『べらぼう』注目度が高い理由とは? 『光る君へ』に続く、大河ドラマの“新潮流”を読み解く
現代の推し活にも通ずるメンタリティ
時代劇を通じて、いわゆるお勉強としての歴史の理解を促すこと以上に、あるいはそこに喜怒哀楽をはじめとする人間ドラマとしての普遍性を見出すこと以上に、その文化をめぐる人々の営みの中にこそ、今を生きる我々にも通じる共時性があるのではないかと考えること。そのようなアプローチは、実は前作『光る君へ』の随所にも見受けられたことだった。あの作品は、「人はなぜ物語を書くのか」「なぜ物語を読みたいと思うのか」といった根源的なテーマはもとより、物語という創作物を通じて、身分や出自を超えた人々が繋がり合うことを描いた作品でもあったのだ。

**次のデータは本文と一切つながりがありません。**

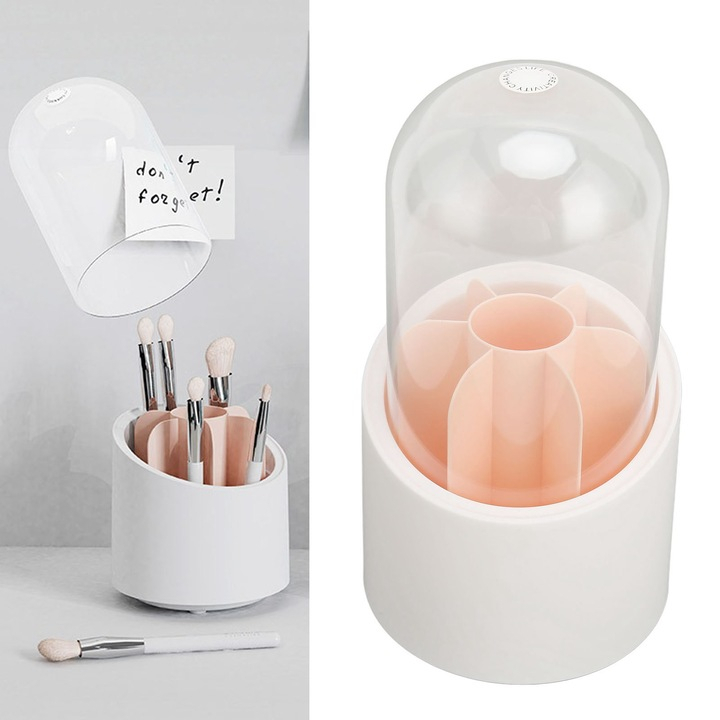 Păstrează-ți pensulele de machiaj organizate și protejate cu acest organizator rotativ 360°, conceput pentru acces rapid și depozitare eficientă. Designul elegant, în culoare albă, se potrivește perfect pe orice masă de machiaj sau birou.

同じ作品やキャラクターを愛する人々が、自身の思いや解釈を語り合うことの楽しさ。あるいは、そのつづきを心待ちにする喜びや、その創作を支援したいと思う心持ち。ある意味、現代の推し活にも通ずるような人々のメンタリティの萌芽を描くことも、『光る君へ』は射程していたのだ。そのような、ある意味大河ドラマの新潮流とも言えるアプローチを、事前段階から前面に打ち出したことが、今回の大河ドラマ『べらぼう』の高い注目度の理由なのではないだろうか。とはいえ、蔦重の冒険は、まだまだ始まったばかりだ。その高い注目度に違わぬ作品となることを期待しながら、これからの一年を、じっくり楽しみたいと思う。